Adult I. subcyprea is very similar in appearance to I. chlorodonta. However I. chlorodonta differs from I. subcyprea as the male of that species has slightly longer pectinations, it has a distinctive lilac-grey to lead grey colour to the antemedian and postmedian lines, green scaling between antemedian and postmedian lines, much darker brown hindwings, and has a paler underside of the hindwings.

The adult male wingspan is between 32 and 34 mm whereas the female wingspan is between 30 and 32 mm.

== Distribution ==
This species is endemic to New Zealand. I. subcyprea is found in the North Island in Northland, Auckland, the Coromandel, near Ohakune, on Mount Taranaki and Mount Messenger.
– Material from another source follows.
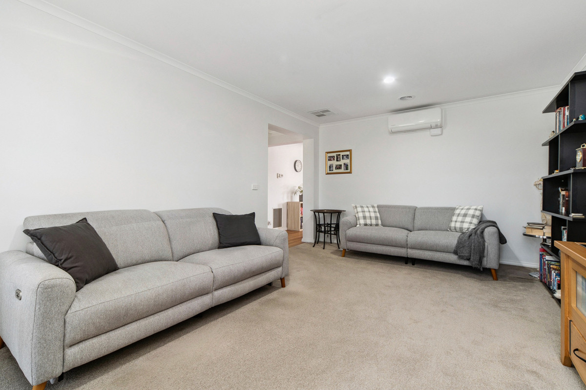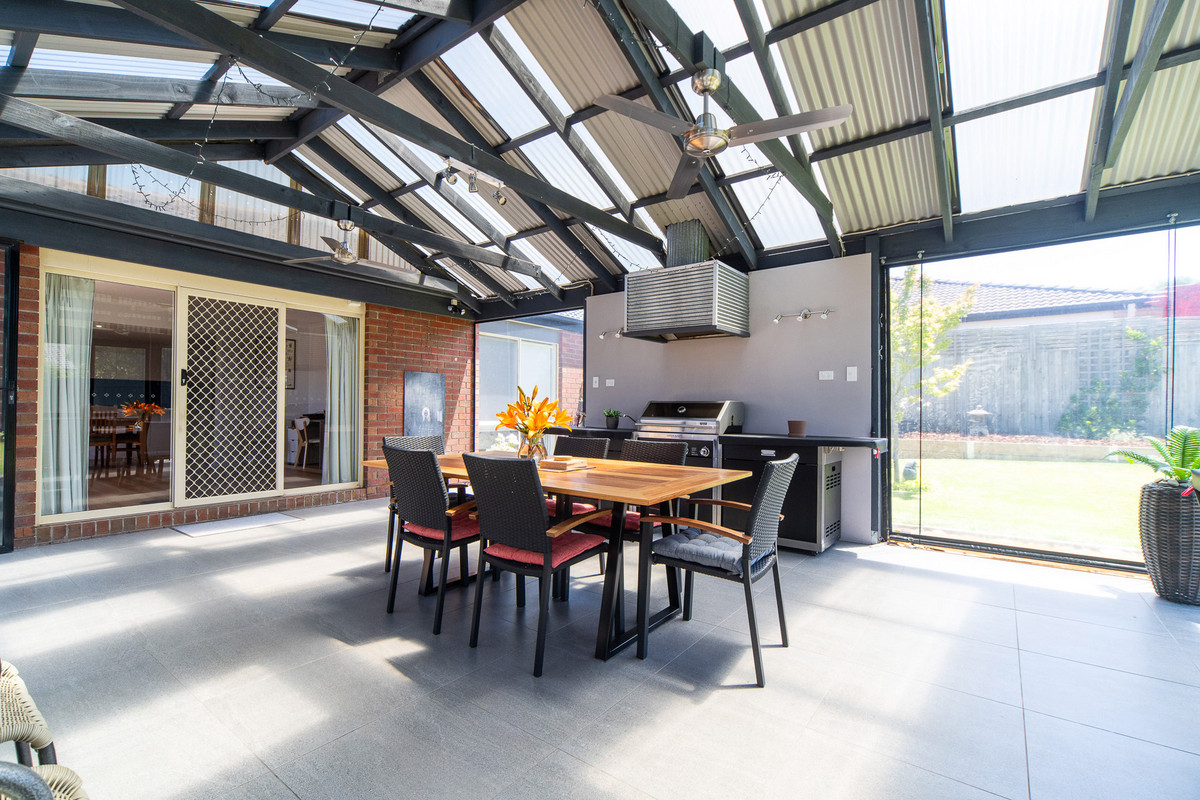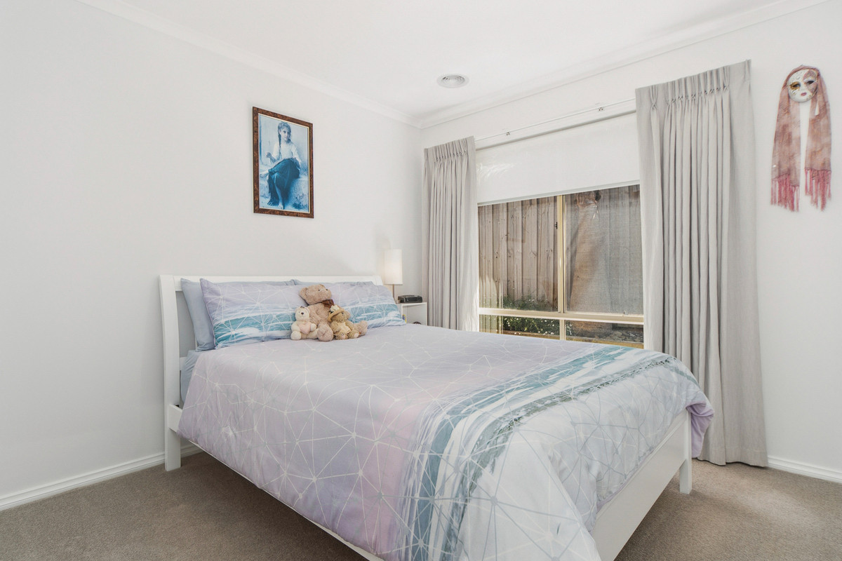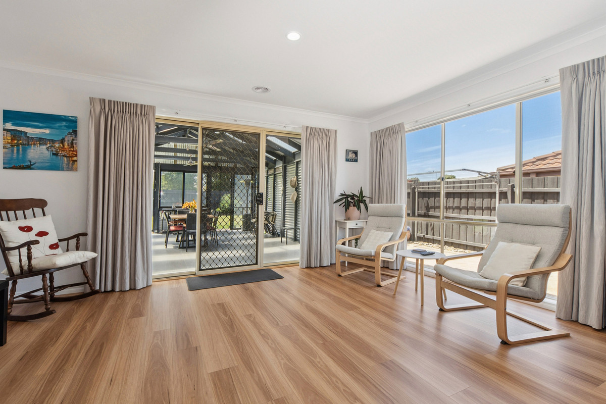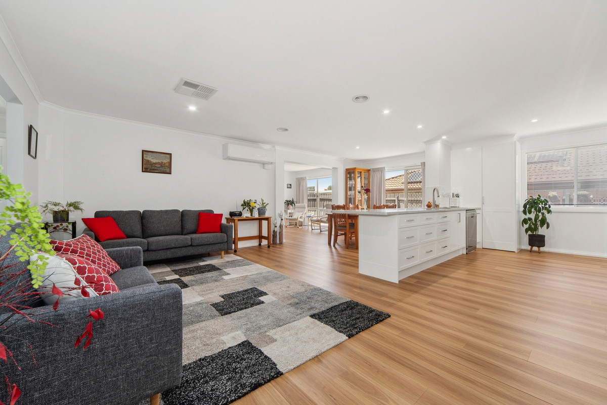 A front formal lounge sits alongside a private master bedroom, complete with renovated ensuite and comprehensive walk-through robe, before three secondary bedrooms and a main bathroom occupy a rear accommodation wing, perfect for kids. Accompanied by gas ducted heating, split-system air conditioning, and evaporative cooling, the home continues its line-up of features with established rear gardens, a double garage with drive-through access to multi-vehicle tandem parking, water tank, and multiple outdoor sheds. Set within easy reach of Carrum Downs Plaza, Flinders Christian College, public transport, and local parklands.

This species has also been found in the South Island in Southland in the Opouri Valley.

== Habitat ==
This species exists where its host-plant lives, that is, in humid native forest.

== Behaviour ==
Larvae have been found feeding during the day upon the leaves of its host. The adults of this species are on the wing from September to December, although there is one record each from January and July.

== Life history and host species ==
I. subcyprea is the only New Zealand noctuid known to feed exclusively on ferns. They pupate in the dead fronds of their hosts.